1、准备环境

监控系统下载运行prometheus和alertmanager,被监控的ES集群下载运行node_exporter和elasticsearch_exporter

2、修改配置

1、prometheus配置:

# my global config
global:
  scrape_interval:     15s # Set the scrape interval to every 15 seconds. Default is every 1 minute.
  evaluation_interval: 15s # Evaluate rules every 15 seconds.
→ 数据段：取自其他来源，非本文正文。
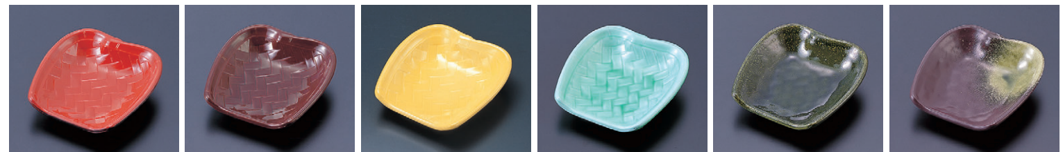
8-729-1 1-325-7 [A]ザル型鉢 朱 ¥950 (11×11.1×3.3) 櫃200 8-729-2 1-325-8 [A]ザル型鉢 溜 ¥1,050 (11×11.1×3.3) 櫃200 8-729-3 C-2-55 [A]ザル型鉢 黄 ¥1,150 (11×11.1×3.3) 櫃200 8-729-4 1-325-10 [A]ザル型鉢 ヒワグリーン ¥1,150 (11×11.1×3.3) 櫃200 8-729-5 1-325-11 [A]ザル型鉢 織部 ¥1,200 (11×11.1×3.3) 櫃200 8-729-6 1-325-12 [A]ザル型鉢 岩織部 ¥1,200 (11×11.1×3.3) 櫃200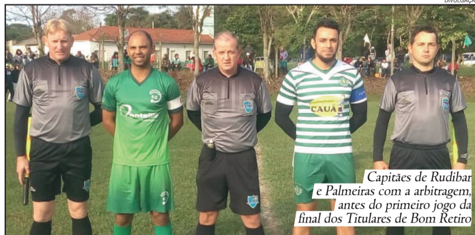
Capitães de Rudibar e Palmeiras com a arbitragem, antes do primeiro jogo da final dos Titulares de Bom Retiro

O Campeonato Municipal de Veteranos, de Bom Retiro do Sul, foi definido na manhã deste domingo (03/06), entre Floriano e Laranjeiras. A decisão ocorreu no Estádio Teodoro Manoel da Silva, na localidade de Pinhal, onde o Floriano venceu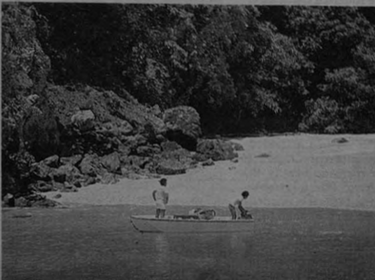
Romántica playa de la Isla de San Lucas.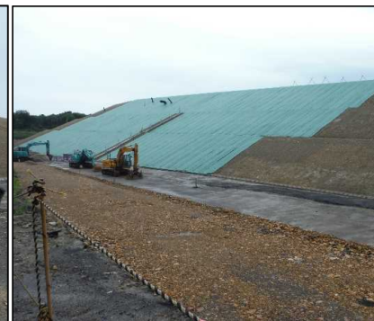
③ キャッピング工 DE工区キャッピングシートの設置状況です。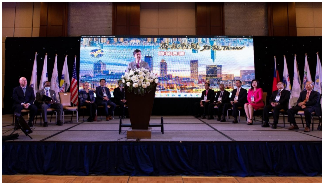
◎喬治亞州參議員 Matt Brass 致詞表示歡迎大家從世界各地前來亞特蘭大參與會議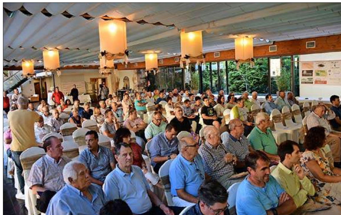
En la fotografía superior autoridades y campeones de ayer y de hoy en la foto familia durante la presentación. En la foto inferior parte del numeroso público que acudió al acto.

viernes, día 19, con las dos vueltas de octavos de final, con el siguiente orden de tiradas: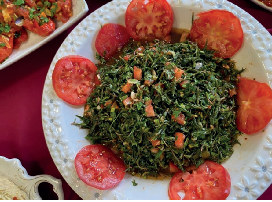
Foto 2.30. Zahter salatası

Kaynak: Belen Halk Eğitimi Merkezi, 2024.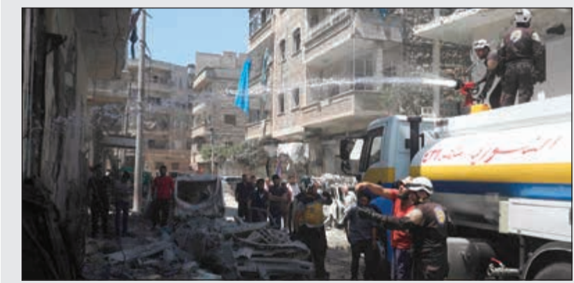
عناصر من الدفاع المدني «الخوذ البيضاء» يخمدون النيران التي سببتها غارة على أريحا (أ.ف.ب)

على حي الحمداية بالقسم الغربي من مدينة حلب الخاضعة لسيطرة قوات النظام منذ أيام. وأضاف المرصد أن الطائرات الحربية السورية نفذت 50 غارة أمس مستهدفة أماكن في محور كباتة في جبل الأكراد، إلى جانب 34 غارة نفذتها الطائرات الروسية على كل من كفرزيتا وللطامنة ومورك وحصرايا ولطمين والصيد والأربعين بريف حماة الشمالي. وقال المرصد بحسب بيان على صفحته على فيسبوك إن 26 بريلاً متفجراً التي ألقاها الطيران المروحي على محور كباتة بجبل الأكراد وبلدة مورك وقرية حصرايا شمال حماة.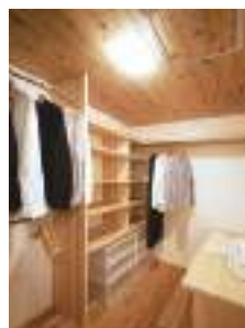
寝室の隣に設けたクローゼット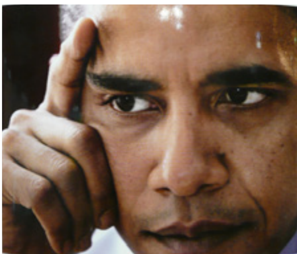
Barack Obamas sundhedsreform vil øge dødeligheden i befolkningen gennem at skære i det offentlige tilskud og reducere behandlingsudbuddet. Man forsøger også at tilsidesætte forfatningen. Vil han stå over for en rigsretssag for forræderi?

Under de forhåndenværende omstændigheder er der blevet fremlagt mere end fuldt ud tilstrækkelige grunde for en rigsretssag imod præsident Barack Obama, i form af summen af hans handlinger og hensigtserklæringer indtil nu.«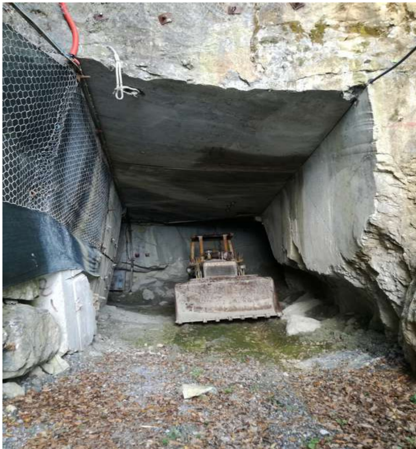
ingresso alla cava sotterranea su mappale di proprietà ( part. 333)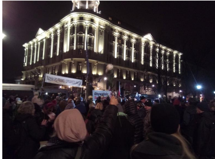
Zdjęcie: uczestnicy zgromadzenia OSA, widok na hotel Bristol, godz. 21:11

21:30 na ul. Bednarskiej zgromadzeni rozeszli się, po otrzymaniu informacji o wypuszczeniu 6 zatrzymanych.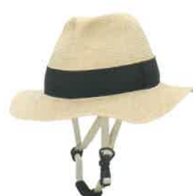
品番C810-GS: ¥8,580税込 (シエル+アウター・セット価格) 品番C410: ¥4,180税込 (アウターのみ) SIZE: M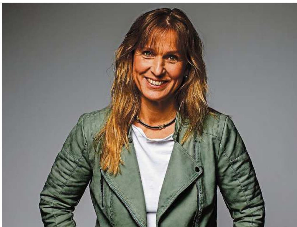
Staatsministerin Katja Keul war vom 26. bis 30. März in den USA.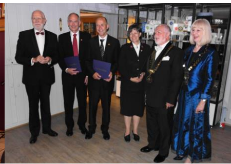
Elverum RK 60 år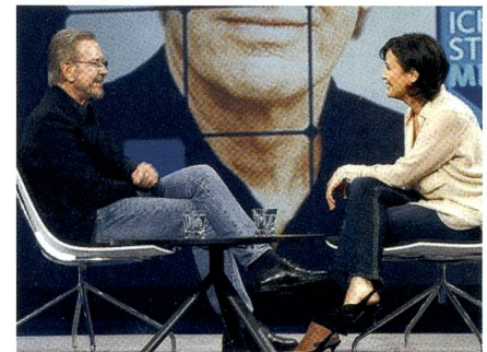
Jürgen Todenhöfer im Maischberger-Talk.

Mit dieser Sequenz beginnt der Film, der zehn Minuten, 35 Sekunden dauert. «Wir können uns nicht wehren und können jetzt auch nicht abhauen», warnt der Chauffeur seinen Passagier Todenhöfer, der auf der Weiterfahrt beharrt.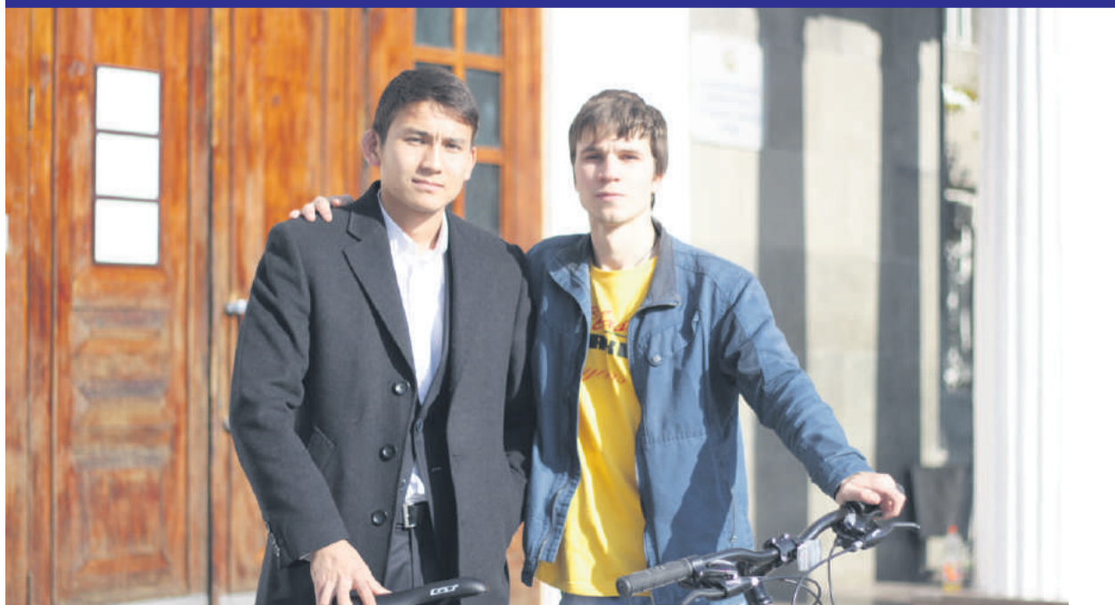
I give up smoking p. 3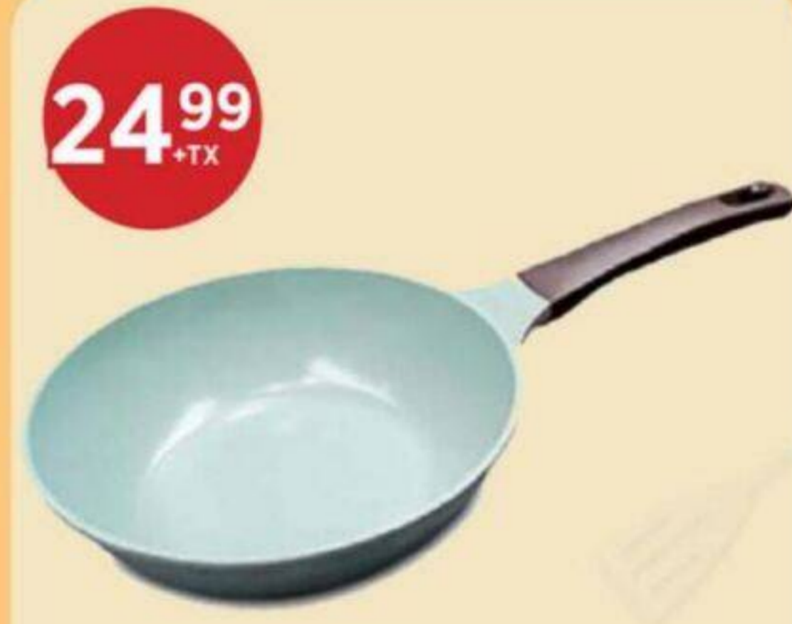
24 99 +TX POÊLE EN CÉRAMIQUE JADE AL 30 CM CERAMIC PAN 陶瓷平底鍋 30 cm RÉG. 29,99/CH + TX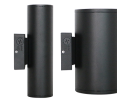
WCY-L CYLINDRES DEL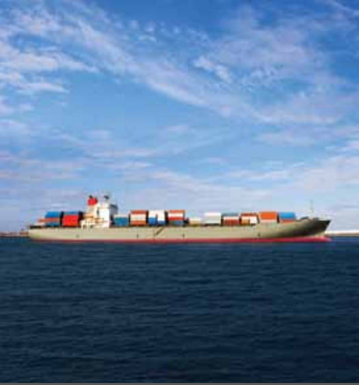
شركة ليمسولر للملاحة والسفن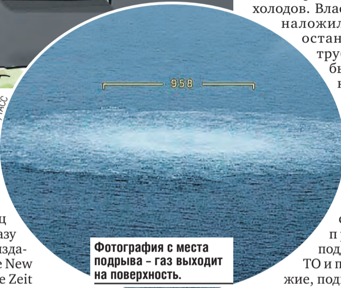
Фотография с места подрыва - газ выходит на поверхность.

«Полной чужью» назвал эту версию Владимир Путин. Ведь для организации такого взрыва «нужны специалисты, поддерживаемые всей мощью государства, которое располагает определенными технологиями».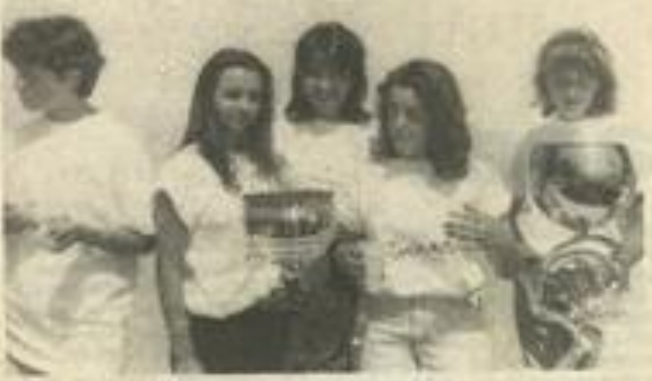
• C'est le charme du tennis léznignais.

Les résultats : - Hommes : 1 er tour 4 e série :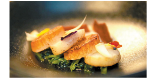
西餐菜式加入了新创意

这一点和他做菜的理念不同。他认为，西餐大师们喜欢“就地取材”，这一点和广州人“不时不食”的观点是一致的。他想印证自己的想法，孩提的梦想瞬间浮现。于是，他辞去工作，寻找能够实现自己想法的机会。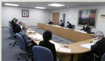
春日井市への要望書提出の様子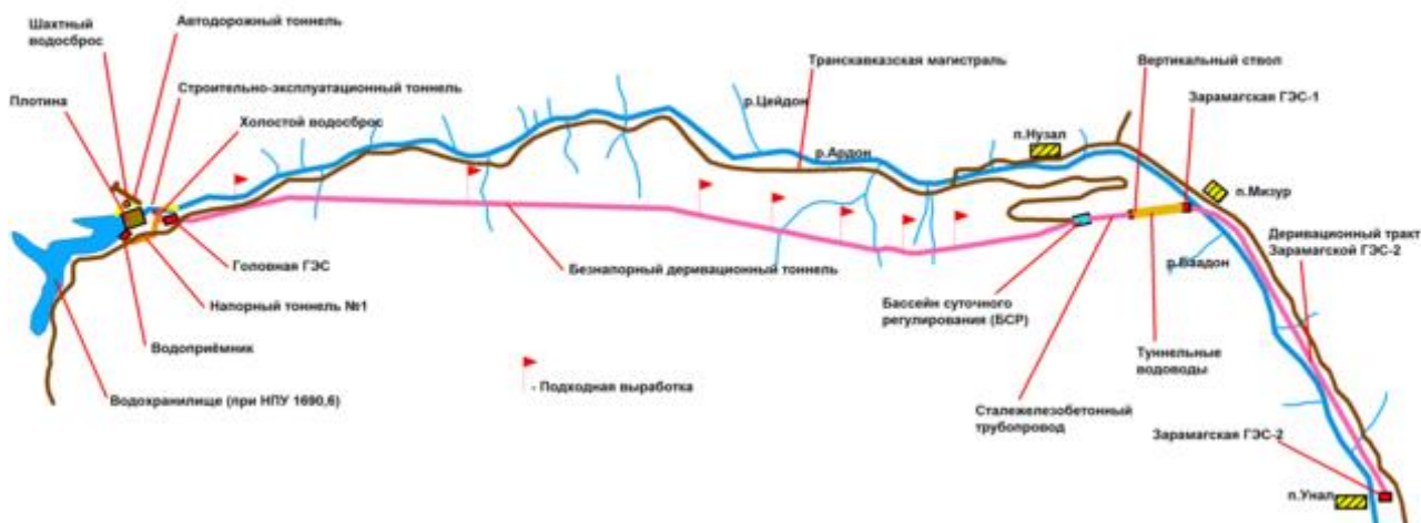
Схема каскада Зарамагских ГЭС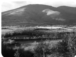
Valle de Noceda. Ladera suave.

Y las primeras en movilizarse fueron las rocas alteradas previamente, con las acumulaciones de oro, que son las que se encuentran hoy en día más cercanas a los relieves elevados, y que tan bien conocían los romanos. También se produjo la movilización de los cantos y arenas que se encontraban en los escasos ríos y arroyos de entonces, cantos principalmente de cuarzo que es el material más duro de los que aparecen en las rocas. Estos materiales se encuentran por ejemplo al sur de Noceda, siendo explotados en la actualidad como áridos para construcción, y en ese lugar también los romanos extrajeron oro.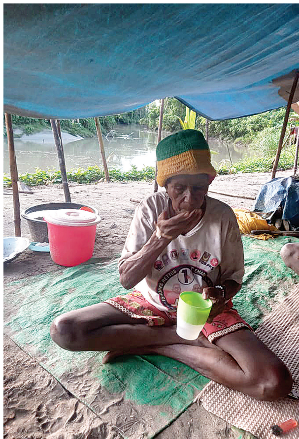
Pendampingan minum obat malaria, untuk memastikan obat diminum habis dan sesuai dosis. Petugas Kampung Sehat mendatangi pasien yang sakit malaria pada saat waktu minum obat malaria.

Model seleksi berjenjang ini mencerminkan prinsip good governance dalam pengelolaan program sosial, yakni transparansi, akuntabilitas, dan partisipasi. Keputusan akhir berada di tangan pengurus yayasan, yang akan menentukan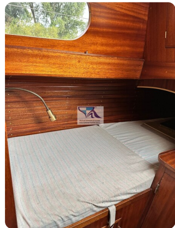
Skorpion I 35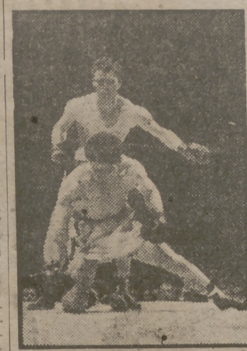
El americano Roland Lasterza bate por fuera de combate al campeón italiano Gino Buonvino, consiguiendo así su trigésima victoria consecutiva.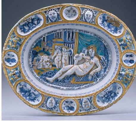
Tablo 6. Bernard Palissy'nin Fecundity Dish (Bereket Tabagı) 1681.

Sanatçının 2008'de tasarlanan Paradise Lost (Kayıp Cennet) isimli eserinin çıkış noktasını bir dizi çağdaş politik yorumda yer alan 16. yüzyıl Fransız çömlekçi Bernard Palissy'nin Fecundity Dish (Bereket Tabagı) isimli mayolika tabağının yapısından ve kompozisyonundan ilham almıştır (Tablo 6).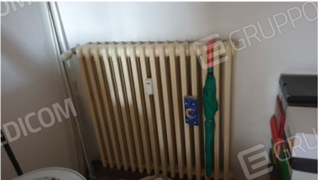
Viste dei terminali del impianto termico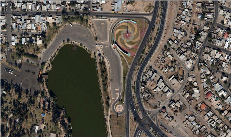
Imagen 4. Plaza Centenario y su entorno inmediato.

A lo largo del Río Nuevo la construcción de equipamiento urbano se dio con especial vigor recién entrado el siglo XXI. Esto inició con el Centro de Eventos, Ferias y Exposiciones. Después, se abrió la Plaza Centenario para conmemorar los 100 años de fundación de la ciudad, espacio para el cual – aparentemente– no existía un programa de necesidades específico, más allá de convertirse en un espacio conmemorativo con una bandera monumental que le diera el carácter cívico y, con ello, comportarse como un hito urbano. El espacio que cierra este fastuoso trío es el Centro Estatal de las Artes (CEART), conjunto dedicado a la enseñanza, la investigación y la difusión artística.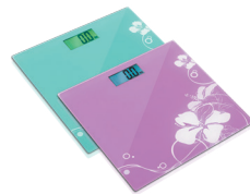
Весы напольные RS-707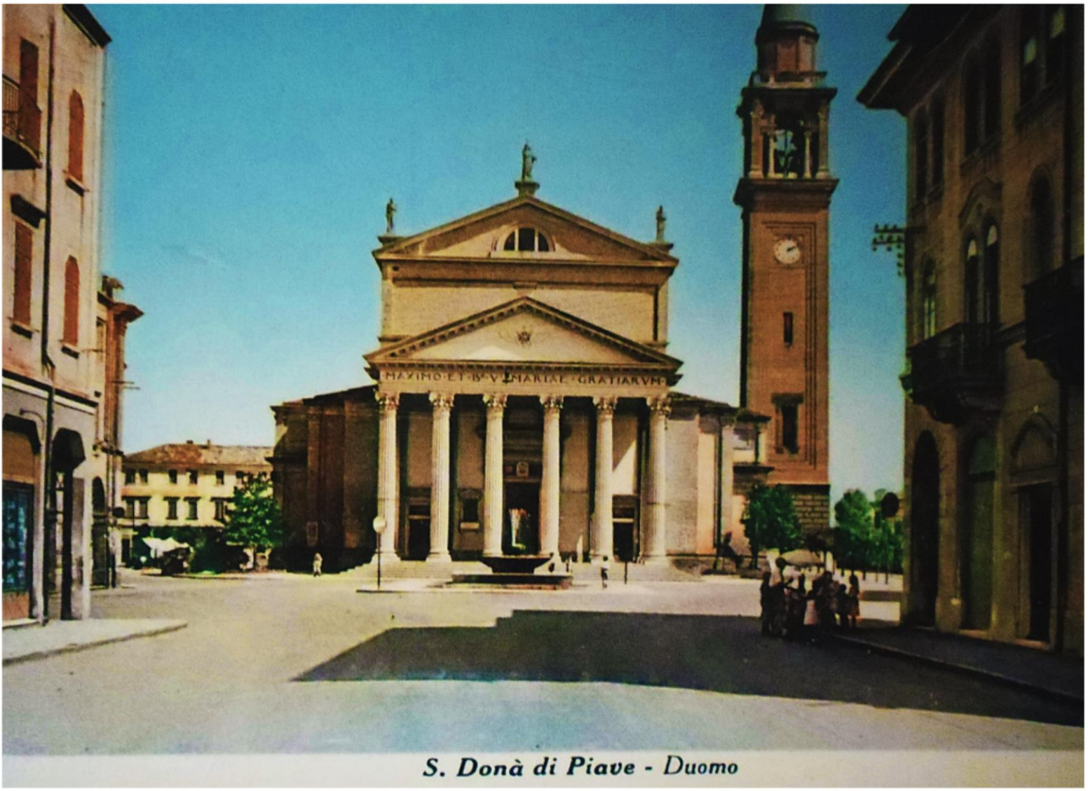
1950 via G. Ancillotto un particolare sul marciapiedi a sinistra el caretin dei geati e dee creme de Battistin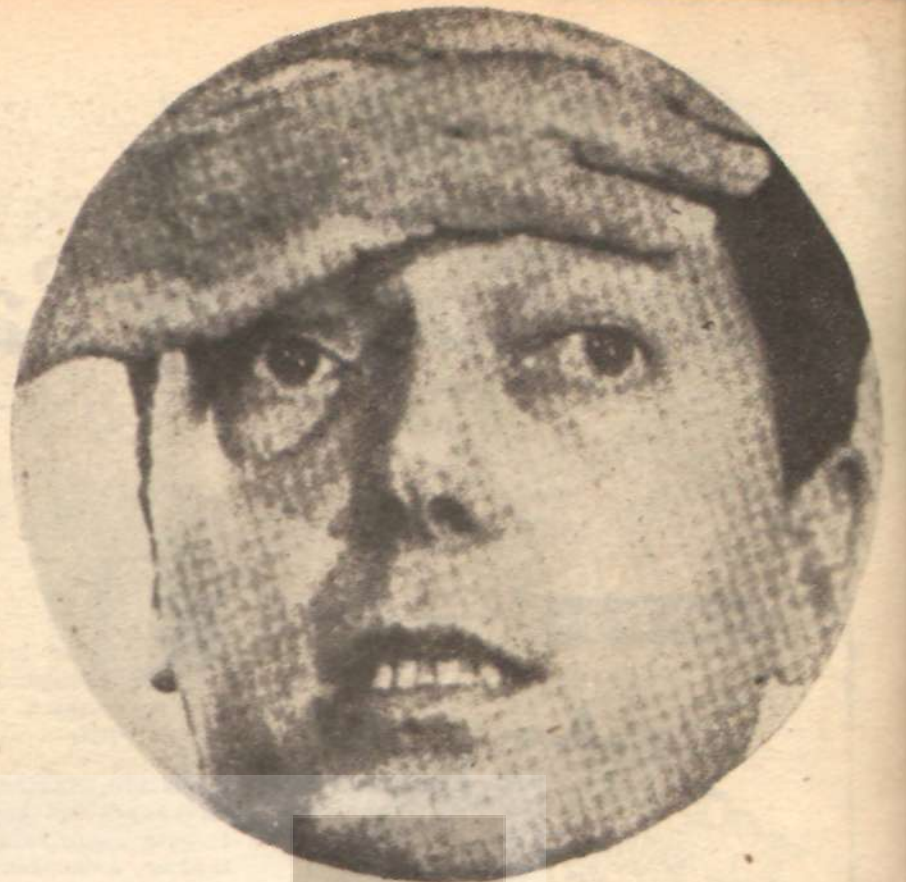
GARRISON — Gerçekleri açıklıyor —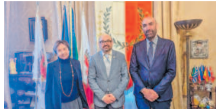
Barcelona Comerç ha visitat Bari per la capitalitat.

Durant la visita, Barcelona Comerç va mantenir trobades amb l'Ajuntament de Bari i entitats comercials per compartir experiències sobre la CECP, que té previst iniciar la seva primera edició el 2026. Amb aquesta participació, l'entitat reforça el seu lideratge en la promoció del comerç local i obre vies de col·laboració amb altres ciutats europees.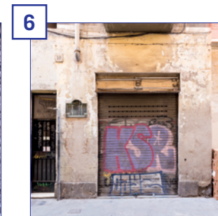
6 c. Cera, 10 Superfície útil: 35 m 2 Estat: reforma prevista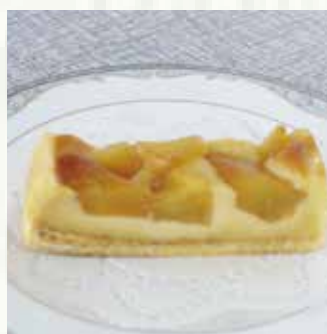
|| りんごのタルト 550 yen

The default is every 1 minute.
  # scrape_timeout is set to the global default (10s).

# Alertmanager configuration
alerting:
  alertmanagers:
  - static_configs:
    - targets:
      - s4:9093

# Load rules once and periodically evaluate them according to the global 'evaluation_interval'.
rule_files:
   - "alerts/*.yml"

# A scrape configuration containing exactly one endpoint to scrape:
# Here it's Prometheus itself.
scrape_configs:
  # The job name is added as a label `job=<job_name>` to any timeseries scraped from this config.
  - job_name: 'prometheus'

    # metrics_path defaults to '/metrics'
    # scheme defaults to 'http'.

    static_configs:
    - targets: ['localhost:9090']

  - job_name: 'S5'
    static_configs:
    - targets: ['10.3.3.5:9100']

  - job_name: 'S6_mariadb'
    static_configs:
    - targets: ['10.3.3.6:9104']

  - job_name: 'S5_elasticsearch'
    scrape_interval: 60s
    scrape_timeout:  30s
    metrics_path: "/metrics"
    static_configs:
    - targets:
      - '10.3.3.5:9108'
      labels:
        service: elasticsearch
    relabel_configs:
      - source_labels: [__address__]
        regex: '(.*)\:9109'
        target_label:  'instance'
        replacement:   '$1'
      - source_labels: [__address__]
        regex:         '.*\.(.*)\.lan.*'
        target_label:  'environment'
        replacement:   '$1'

2、alertmanager配置

alertmanager.yml

global:
  # 当Alertmanager持续多长时间未接收到告警后标记告警状态为resolved(已解决),默认为5m
  resolve_timeout: 5m
  # 全局的SMTP服务器配置
  smtp_smarthost: 'smtp.126.com:25'
  smtp_from: 'maple34@126.com'
  smtp_auth_username: 'maple34@126.com'
  smtp_auth_password: '{{password}}'


route:
  group_by: ['alertname']
  # 有的时候为了能够一次性收集和发送更多的相关信息时,可以通过group_wait参数设置等待时间,
  # 如果在等待时间内当前group接收到了新的告警,这些告警将会合并为一个通知向receiver发送,默认为30s
  group_wait: 10s
  # 定义相同的Group之间发送告警通知的时间间隔,默认为5m
  group_interval: 20s
  # 如果已经成功发送了一个警告,在再次发送通知之前需要等待多长时间,默认为4h
  repeat_interval: 1m
  receiver: 'mail-error'
  routes:
  - match:
      level: '严重'
    receiver: 'mail-error'
  - match:
      level: '紧急'
    receiver: 'mail-warning'
    repeat_interval: 10m


receivers:
- name: 'mail-error'
  email_configs:
  - to: 345999369@qq.com

- name: 'mail-warning'
  email_configs:
  - to: maple34@126.com

3、alertmanager告警规则配置

在prometheus监控主机的prometheus根目录下,建立rules文件夹,放置告警规则配置文件。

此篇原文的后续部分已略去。